For the moment I use this system now for about a year and I am very pleased with it. It is a great comfort that I don’t have to pay attention to this problem anymore.
Because I have a Peak UK dry suit with an inside leg zipper from ankle to ankle it is no problem to get to the valve of the urine bag. But other manufacturers with another system to enter the dry suit can deliver a custom ankle zipper on request (for example : Kokatat at 51 $ for a 20 cm ankle zipper, price 2013)
I do understand that not only the technical solution is important but perhaps even more important is the psychological and social acceptance.

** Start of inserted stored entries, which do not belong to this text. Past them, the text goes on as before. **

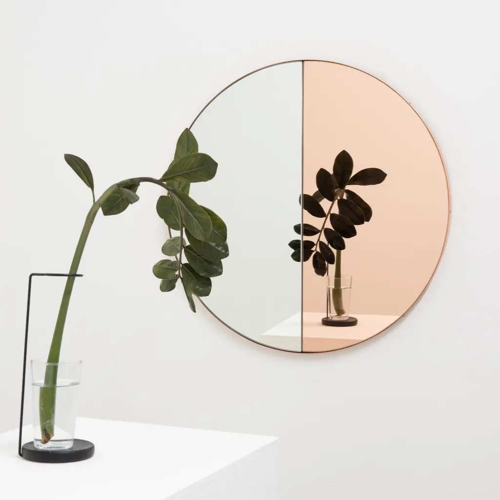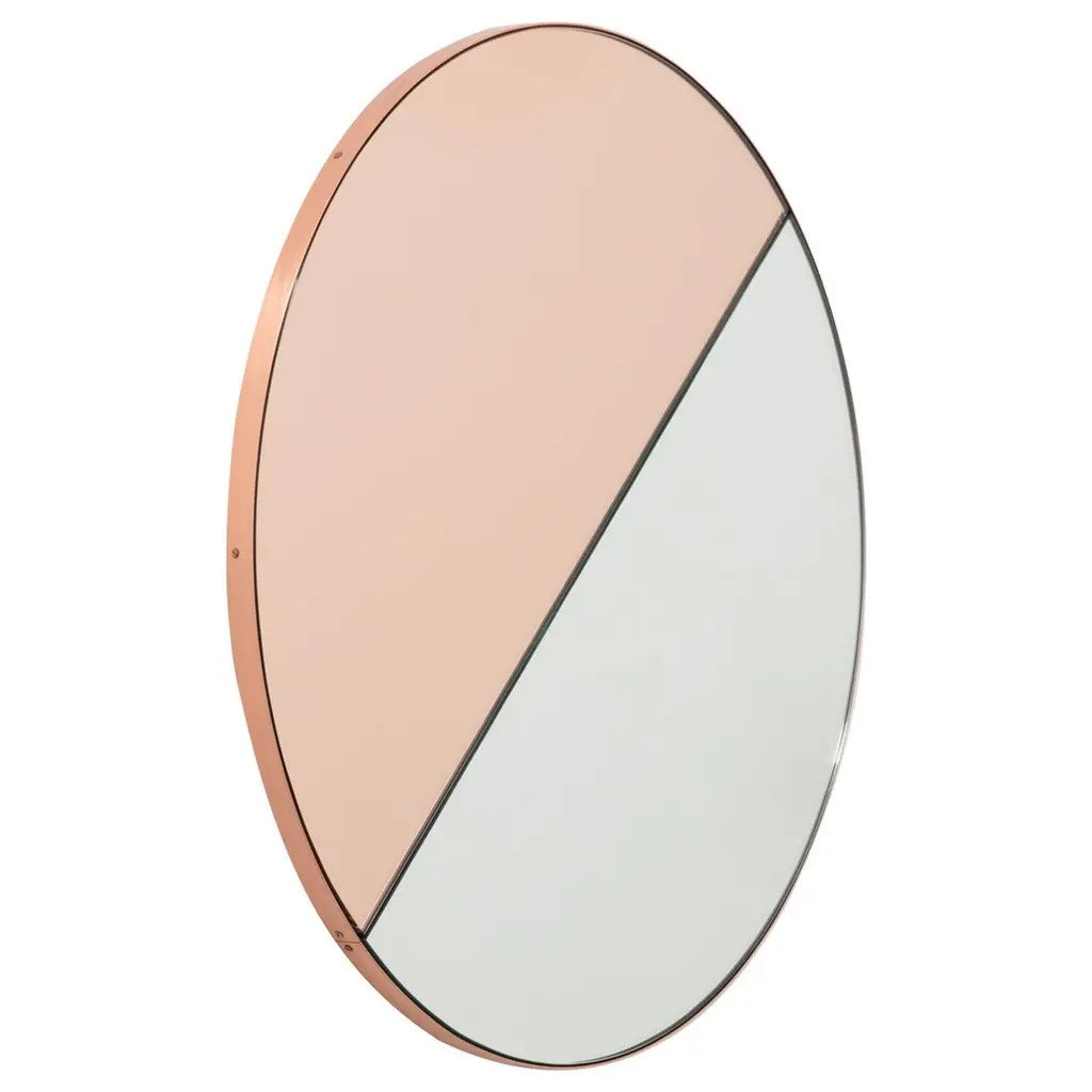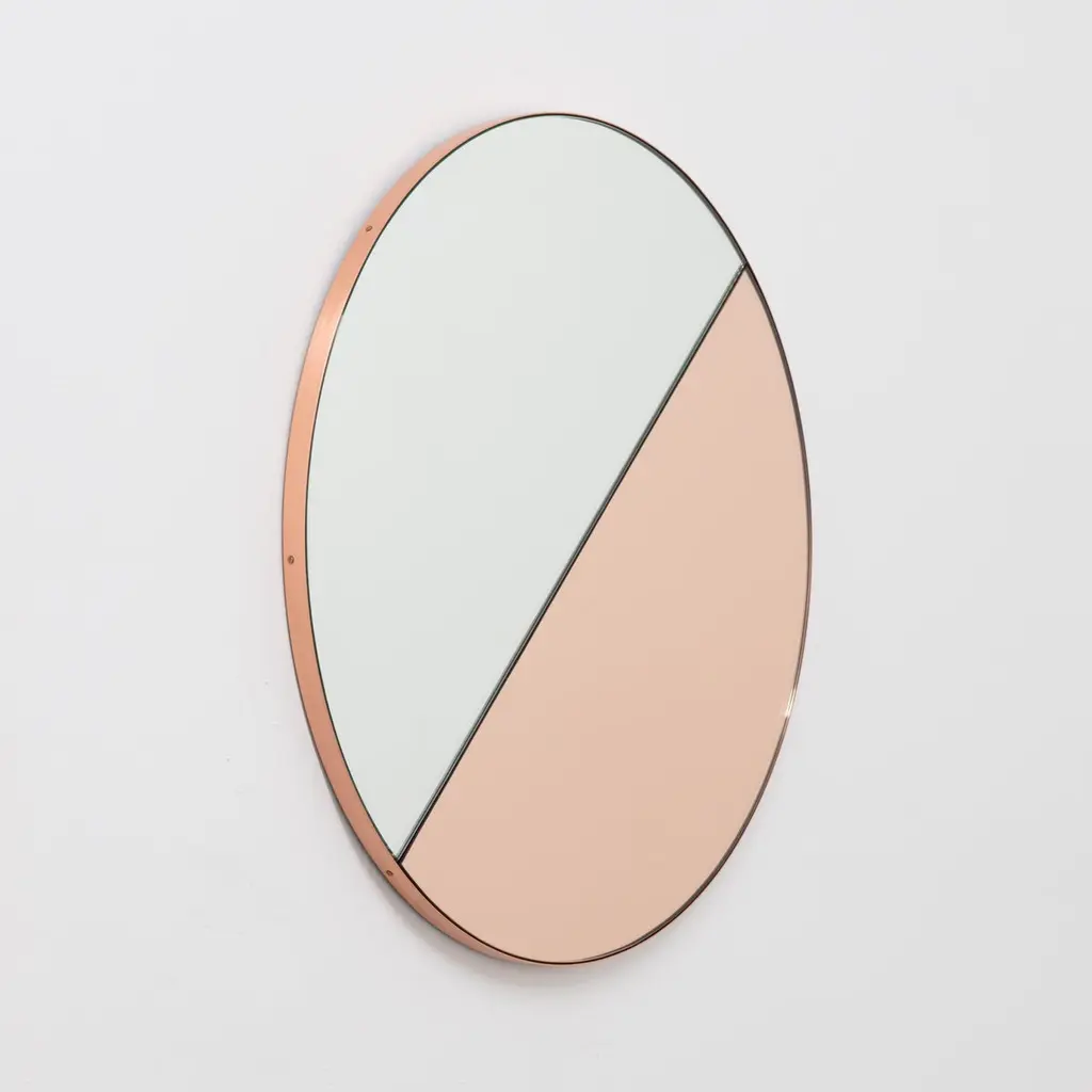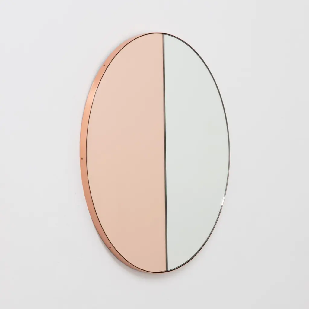 Contemporary mixed tinted (silver & rose gold / peach) Orbis Dualis mirror with a chic copper frame. Fitted with a quality hanging system that allows a flexible installation in 6 different positions (see pictures for reference). Designed and made in London, UK.Our mirrors are designed with an integrated French cleat (split batten) system that ensures the mirror is securely mounted flush with the wall. An alternative hanging hook or a Z-bar (depending on the size of the mirror) is available on demand for mirrors that need to be installed allowing some separation from the wall.This mirror is fully customisable.Shipped safely and insured worldwide. All our mirrors are made on demand. Fabrication lead time for this particular mirror is approximately 4 to 5 weeks. Our mirrors are always shipped by courier express. Shipping via courier express typically requires 1 to 2 days to the UK, or 2 to 7 days outside the UK depending on the destination.Available in the following diameters and variations:Small: 40cm / 15.8"Regular: 50cm / 19.7"Medium: 60cm / 23.6"Large: 80cm / 31.5"Extra Large: 100cm / 39.4"Depth 1.8cm / 0.7"Prices for 120cm / 47.2”, 150cm / 59”, or any bespoke diameter, are available on demand.Available options:- frame finish: brass (brushed, polished or with a bronze patina), copper, stainless steel, blackened metal, powder coated aluminium in a range of standard or bespoke colours- mirror tints: standard silver, black, bronze, blue, rose gold / peach- back-illumination creating a halo effect- front-illumination around the periphery of the mirror- demister pad- bevelPlease contact us for a quote for any bespoke specification or added options.ORDERS OF MULTIPLE MIRRORS OF THE SAME TYPE: Please contact us to receive a Packing and Shipping quote when ordering multiple mirrors of the same type. An order for multiple mirrors of the same type may not be accepted without extra packing and shipping fees. Thank you.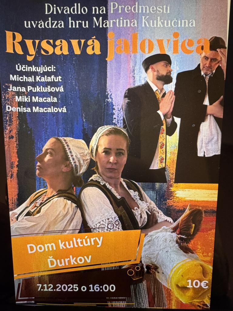 Dňa 7. decembra 2025 o 16:00 hod. sa v Kultúrnom dome Ďurkov uskutoční predstavenie, ktoré prinesie divákom jedinečný kultúrny zážitok. Všetkých záujemcov pozývame, aby si nenechali ujsť túto skvelú príležitosť a prišli si užiť večer plný umenia. Tešíme sa na vašu účasť a veríme, že predstavenie vás nadchne. Vstupné 10€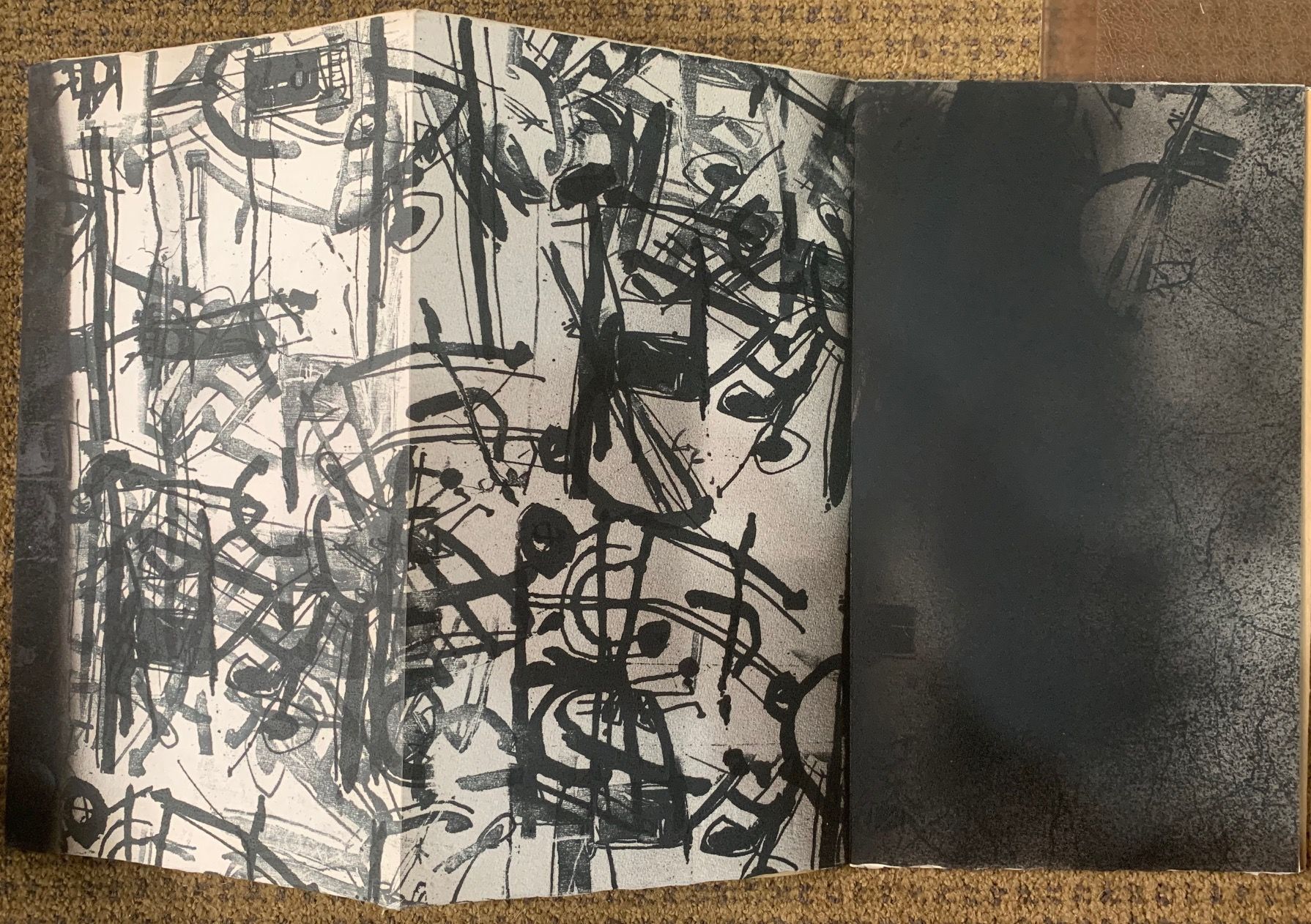 México, D.F.: Cocina Ediciones Mimeográficas, 1982. mimeographed pages, b/w plates, folded accordion style and stapled to b/w pict. wrps., ink stampings, pencil initialized signature in front cover. SIGNED (INITIALS) BY ARTIST. Handmade artists book comprsing a mimeographed print created by abstract artist Mario Rangel Faz (Mexico 1956-2009) who belonged to the Grupo Suma along with Gabriel Macotela, Paloma Díaz Abreu, René Freire, Santiago Rebolledo and Armandina Lozano, among others. He collaborated with Ediciones La Cocina, who sponsored his artist's books under the support of Yani Pecanins and Gabriel Macotela. OCLC-no record.
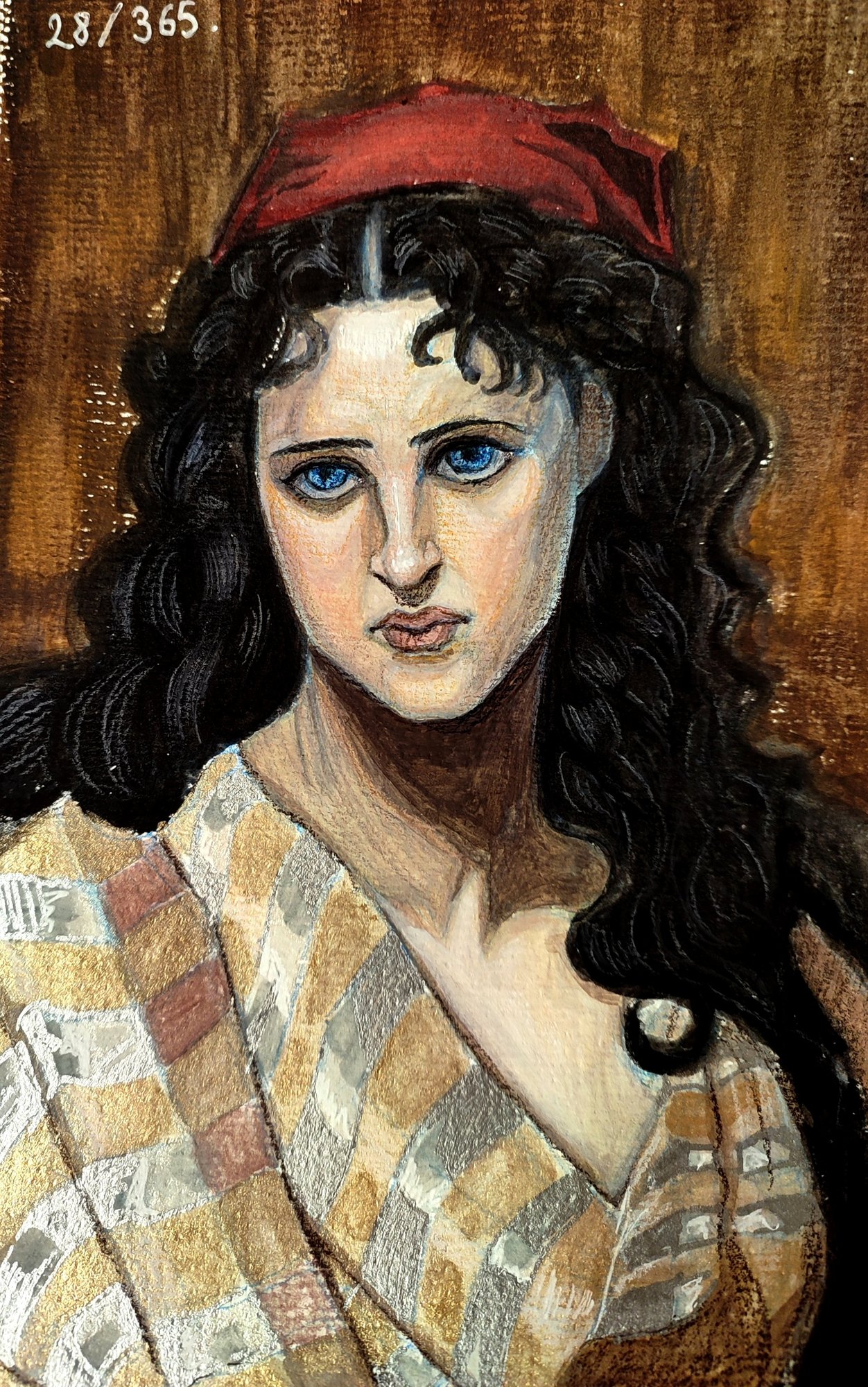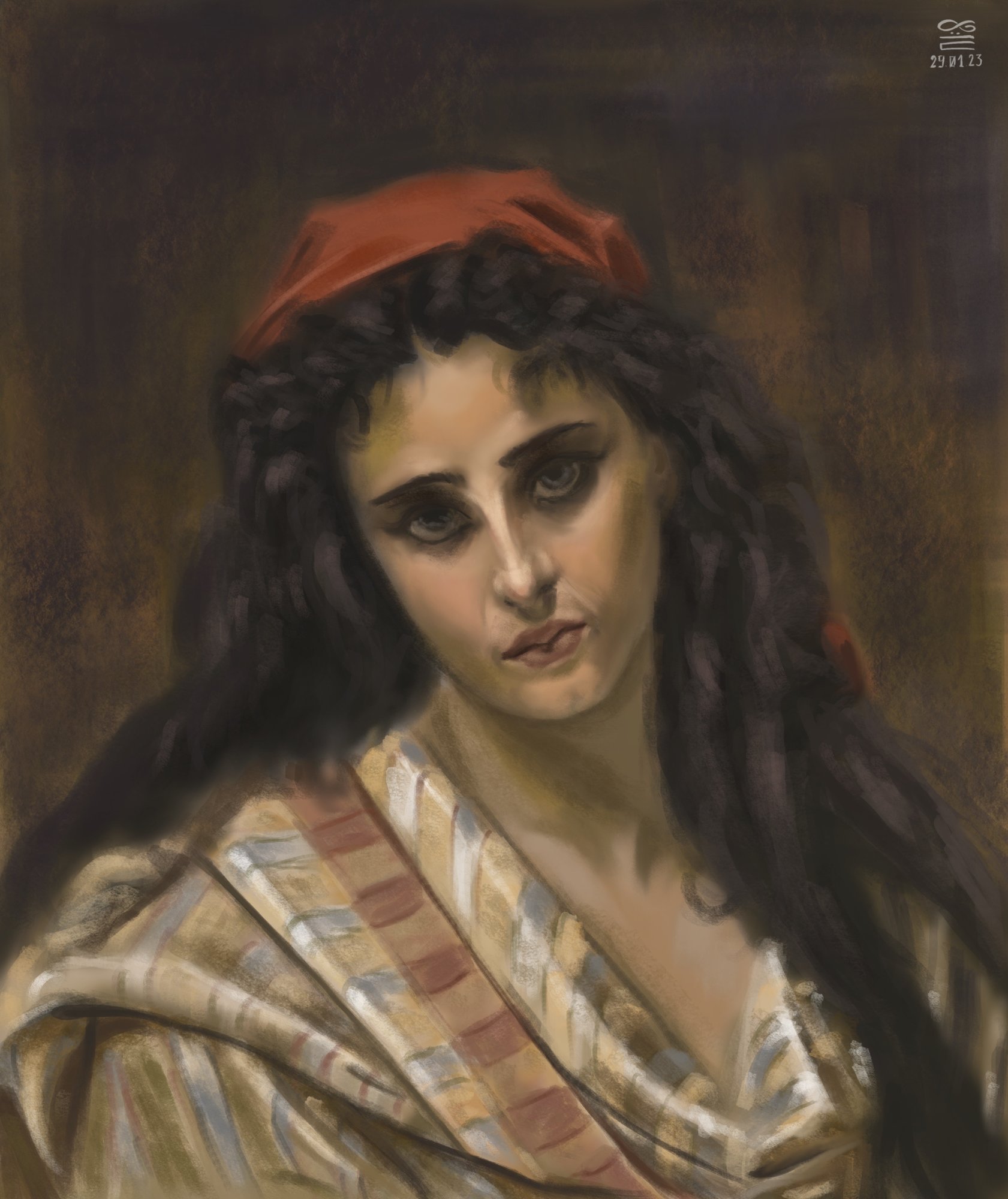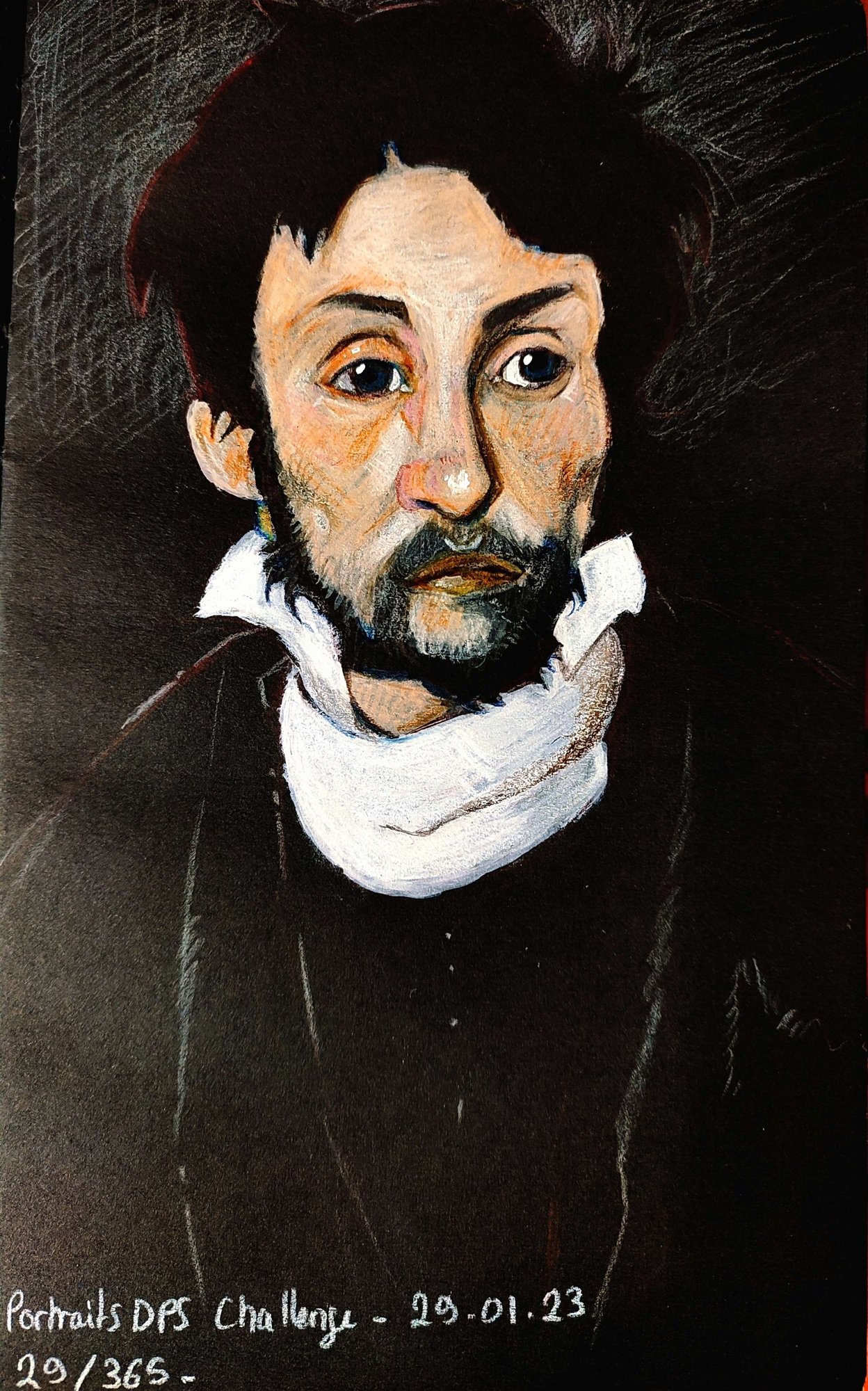 Bonjour, je découvre ce défi seulement aujourd'hui. Je ne pense pas que je pourrai faire un portrait par jour, mais je vais essayer d'en faire quelques-uns, et aussi essayer de faire ceux du mois de début janvier, au fur et à mesure. J'essaie des techniques et des brushs différents sur Krita, mais comme ça fait un petit moment que je n'avais pas fait de DP, ce n'est pas extra.12 points

The German glider pilots have already succeeded but this is clearly also a task for monitors, supervisors and sport organizations, in particular the senior sports guides.
- Another problem is the potential overloading of the wrist joint and the muscles of the forearm. One can try to place the peddle blades parallel instead of under an angle. If the wind is not excessive (above 6 Bf), this can be a good solution.
One also can try right to keep the wrist joints more straight by stretching the fingers of the upper “push hand”. Also the lower wrist joint (pivot point) can be more straight by only holding the peddle between thumb and index finger.
Anyway, using alternating techniques is certainly a plus for fingers, wrist joints and forearm muscles.
Also, the application to the paddle of a “grip” or “taping” as is used for the badminton and tennis racket
has a very good effect on reducing the strength needed to hold the peddle.
I myself have chosen a “Prestige Pro” HEAD taping that I knew from playing badminton.
- The instructor who told me about the wrist technique for the elderly also told me that recognizing and staying in the “comfort” zone was also important for the older kayaker. In the past few months I learned to recognise this “comfort zone” by repeatedly going beyond it and now I start to reconise it. Stay well within your speed capability and don’t let younger and /or stronger kayakers seduce you to go faster or further. Remember that you have to hold on to some reserve in case you are turning over and have to perform a rescue, help somebody or be able to handle whatever event may cross your path. I know now that after a rescue I have to take a break, and I have to take care of eating and drinking from time to time. If I feel tired I do take a rest, land or call it a day.